Keywords

1 Introduction

In the past we discussed how important it is to establish the goals of security protocols in the presence of human constraints and in the real environment where they will be used [9]. Security protocols fail too often, and mostly due to misunderstandings at design time. These misunderstandings have to do with misconceptions in preconditions and/or in environmental assumptions. Sometimes protocols assume strong assumptions or twist the environmental conditions where they execute so that a worst case scenario threat model can be addressed.

We also argued in the past [5] that Dolev-Yao’s [6] threat model, the “de facto” standard used in protocol design and verification is powerful but not suited to be used as-is when we are trying to encompass human interactions with protocols. In our paper [5] we break down Dolev-Yao’s attacker capabilities into atomic actions and create an adaptive way of using them. In that paper we argued that some of Dolev-Yao’s capabilities are not present when we have human-to-human interactions, such as the fabrication or blocking capabilities. Furthermore, allowing such things which do not respect the laws of physics in the presence of humans is equivalent to assume omnipresent, omnipotent evil beings (daemons) exist.

More recently we went deeper into the relation of threat models and the subtleties they entail on the formal verification process of security protocols in the presence of humans [8]. We started to symbolically evaluate security ceremonies in the presence of multiple attackers which are constrained in their capabilities depending on the layer of execution they are attacking [4]. We try to leave the daemons out of the equations and to construct more human friendly interactions with security protocols. This experimentation taught us that to represent the reality where humans and protocols co-exist we must take into account potentially uncountable threat models. This is a requirement if we want to make protocols fail-safe to the human peer behind the screens.

We have also seen that this topic of human interaction with security protocols has been fully discussed in the last couple years. We can cite Roscoe’s detection of failed attacks on human interactive protocols [11]. He proposes a method to test and design security protocols that have human interactions where attacks can not be misdiagnosed as communication failure. In his work he introduced the concept of protocols being auditable for humans and the fact that transformations are time-dependent. Our position is that Roscoe’s work can be reinterpreted taking a different view on threat models. We believe that Roscoe’s work can be extended in the sense of transforming communication failures into fail-safe scenarios for users.

Bella [3] argue that security should encompass human beings while remaining invisible. They introduce various security protocols that can be constructed involving human peers and advocates that making security less present can help the user to participate more willingly. He also brings to attention that integration of security protocols that involve human peers need to be done with other socio-technical facets of the task that the user is trying to accomplish. Our position regarding Bella’s work is that to properly integrate human interaction with security protocols, we need to be able to assess its security in more formal manner. To do so we need threat models to establish whether security is available or not. We can, by establishing plausible threat models for security ceremonies, enter the realm of verifying fail-safe characteristics of such human-protocol interactions and deliver the invisibility proposed by Bella et al.

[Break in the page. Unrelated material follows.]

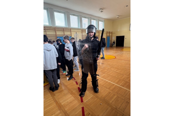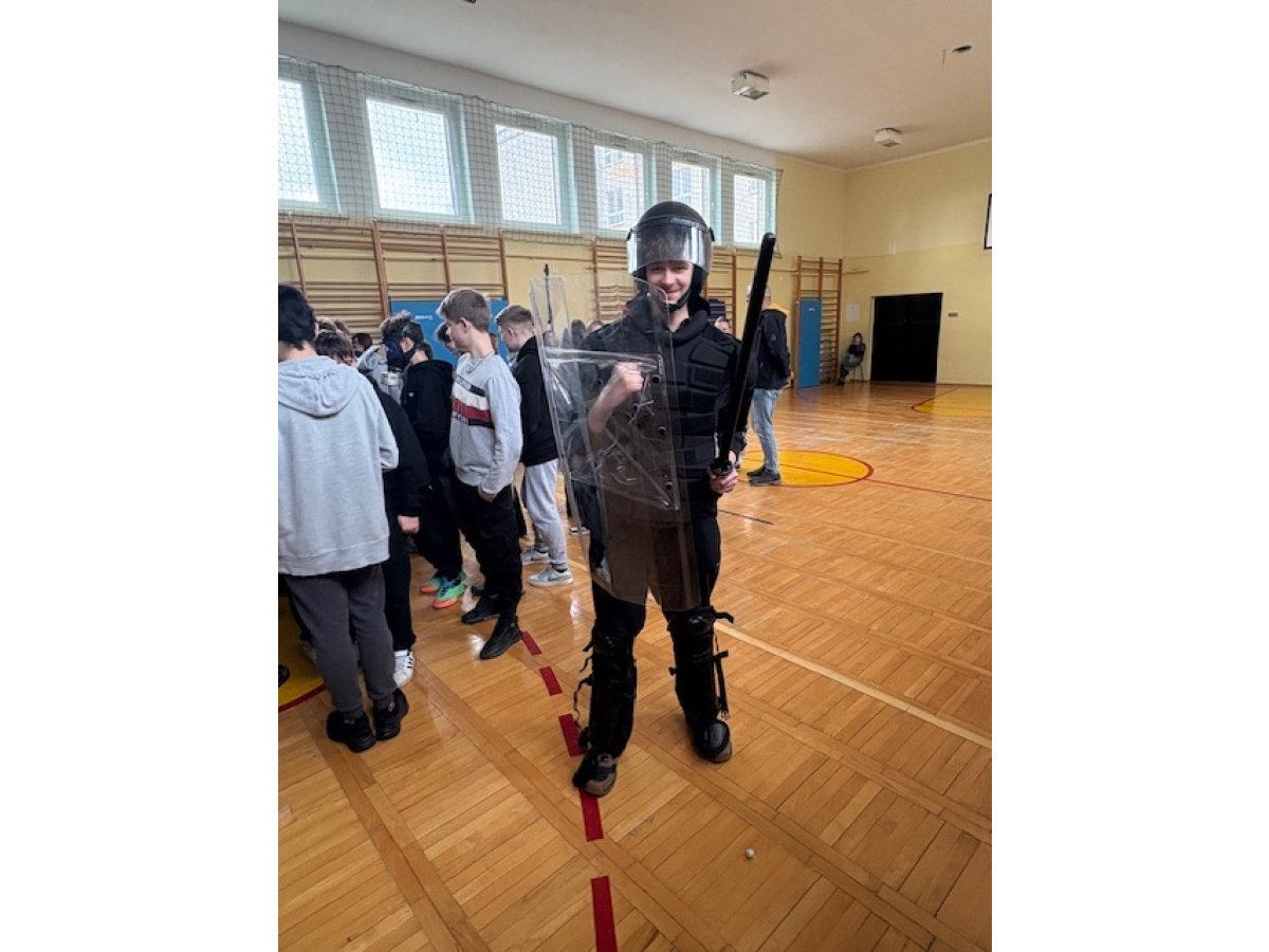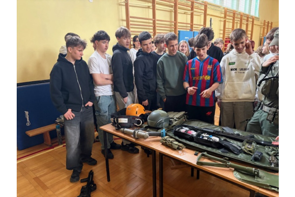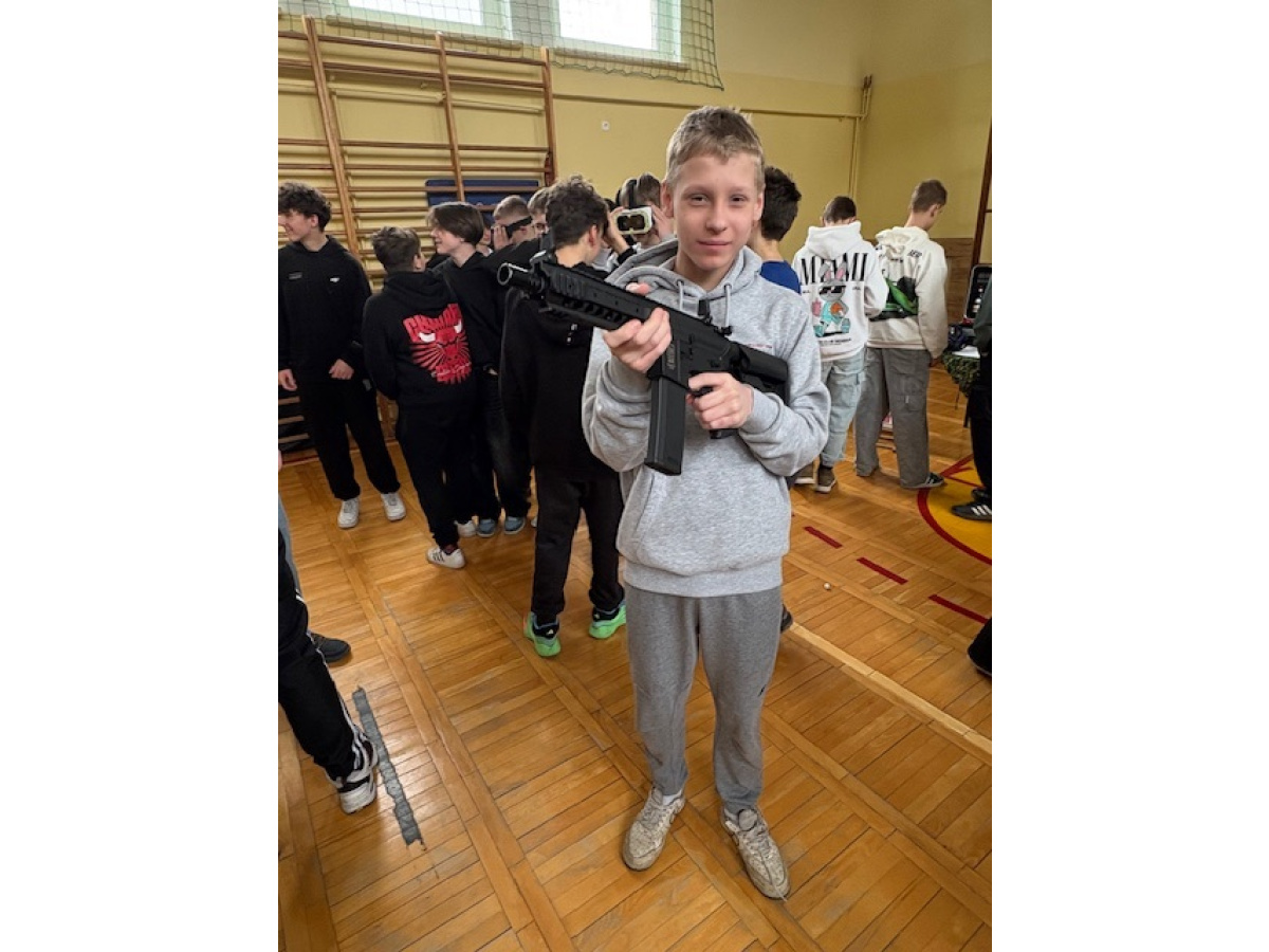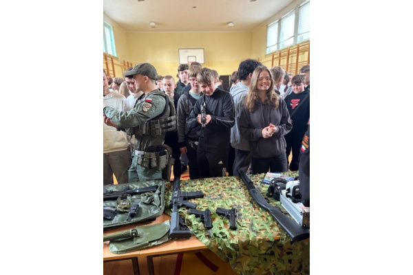 Dużym zainteresowaniem cieszyła się część pokazowa, podczas której uczniowie mogli zobaczyć elementy wyposażenia oraz przykładową broń szkoleniową. Była to ciekawa okazja, aby z bliska poznać specyfikę kierunków związanych m.in. z logistyką i bezpieczeństwem.
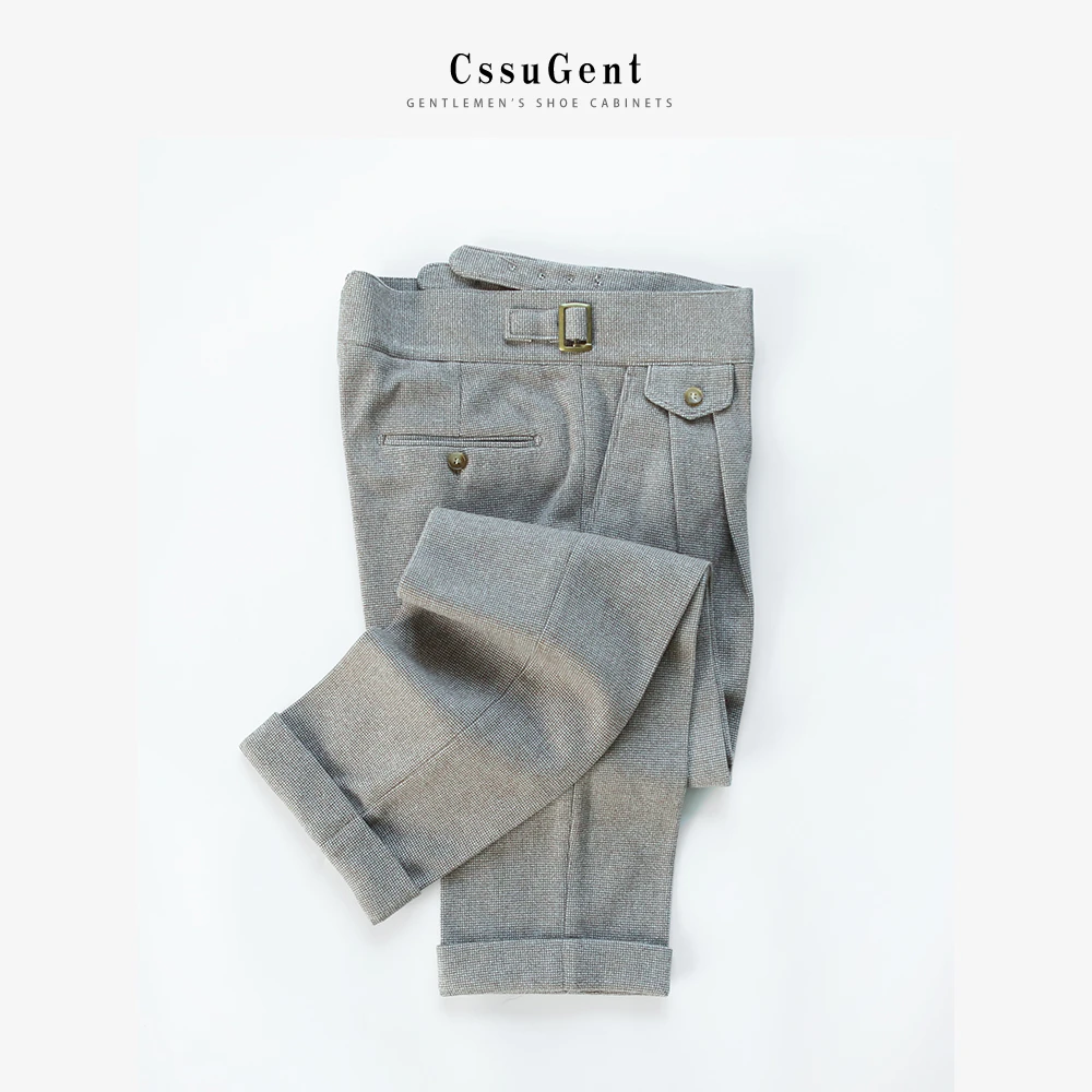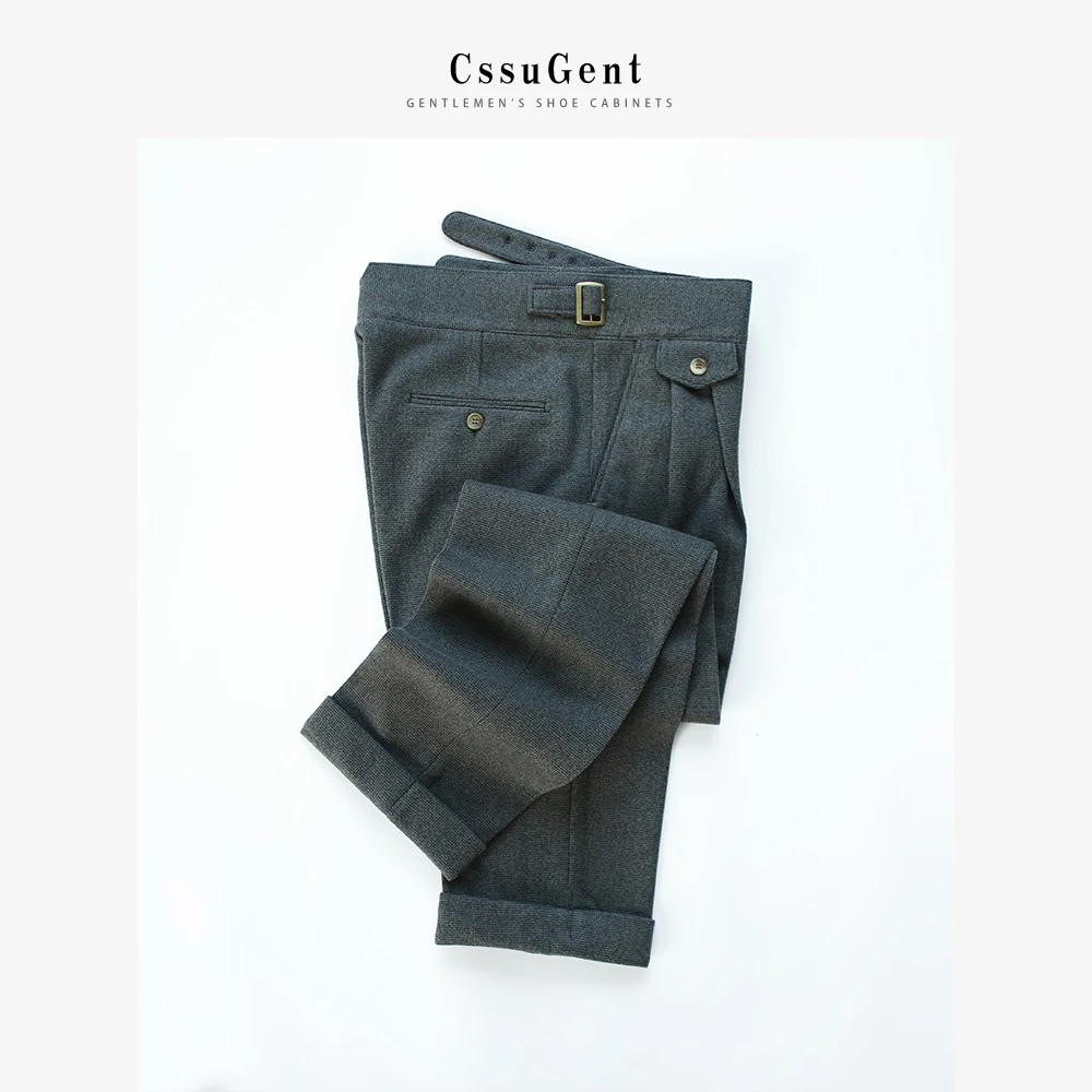 淘宝高定秋冬加厚毛呢那不勒斯廓尔格西装裤男士复古意式休闲商务长裤

Finally our position is that to properly design security ceremonies in a systematic and secure way to fail-safe, we need to understand and adapt threat models to presence of human peers. We also defend that this can ultimately be done using theoretical tools such as First-Order Theorem provers with standard protocol verification techniques.

This paper is organised with this introduction, followed by a background Sect. 2 to present some concepts we used to develop our verification framework. Then, we describe our mechanisation strategy in Sect. 3. Section 5 has our Bluetooth case study ceremony, alongside with our justification for threat modelling choices. Finally, Sect. 6 brings our final thoughts and conclusions.

2 Background

To be able to demonstrate our strategy for the design and verification of security protocols in the presence of human peers (a.k.a. security ceremonies), we need to present some of the background work on that field (Sect. 2.1). We also present some threat models for symbolic evaluation (Sect. 2.2) by giving a historical context, and classifying threat models regarding capabilities.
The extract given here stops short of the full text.